Work request -> Please set down only the lines that run from the one containing "สถาบันพัฒนาฝีมือแรงงาน 18 อุดรธานี" to the end of the listing below, exactly as written.

Recorded information ->
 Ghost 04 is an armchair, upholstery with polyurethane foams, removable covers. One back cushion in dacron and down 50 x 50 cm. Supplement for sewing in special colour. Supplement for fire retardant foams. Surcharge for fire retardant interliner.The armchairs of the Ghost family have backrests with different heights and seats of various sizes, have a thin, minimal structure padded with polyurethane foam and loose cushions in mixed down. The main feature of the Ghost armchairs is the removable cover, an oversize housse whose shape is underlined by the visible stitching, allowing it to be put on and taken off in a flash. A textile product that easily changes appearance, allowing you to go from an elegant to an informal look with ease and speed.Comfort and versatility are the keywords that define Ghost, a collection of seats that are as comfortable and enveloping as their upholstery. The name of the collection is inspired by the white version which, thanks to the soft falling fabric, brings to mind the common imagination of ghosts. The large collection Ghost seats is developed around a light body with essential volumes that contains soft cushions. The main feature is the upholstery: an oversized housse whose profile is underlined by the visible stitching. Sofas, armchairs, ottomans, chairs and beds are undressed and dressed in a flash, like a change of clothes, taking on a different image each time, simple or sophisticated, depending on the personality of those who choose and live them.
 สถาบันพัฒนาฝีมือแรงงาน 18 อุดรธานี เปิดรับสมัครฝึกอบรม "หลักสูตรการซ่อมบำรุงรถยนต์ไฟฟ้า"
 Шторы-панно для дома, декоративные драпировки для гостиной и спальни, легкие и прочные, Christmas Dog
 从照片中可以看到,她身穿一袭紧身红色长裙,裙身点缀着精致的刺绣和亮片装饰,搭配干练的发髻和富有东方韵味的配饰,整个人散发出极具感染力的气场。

Answer space ->
 สถาบันพัฒนาฝีมือแรงงาน 18 อุดรธานี เปิดรับสมัครฝึกอบรม "หลักสูตรการซ่อมบำรุงรถยนต์ไฟฟ้า"
 Шторы-панно для дома, декоративные драпировки для гостиной и спальни, легкие и прочные, Christmas Dog
 从照片中可以看到,她身穿一袭紧身红色长裙,裙身点缀着精致的刺绣和亮片装饰,搭配干练的发髻和富有东方韵味的配饰,整个人散发出极具感染力的气场。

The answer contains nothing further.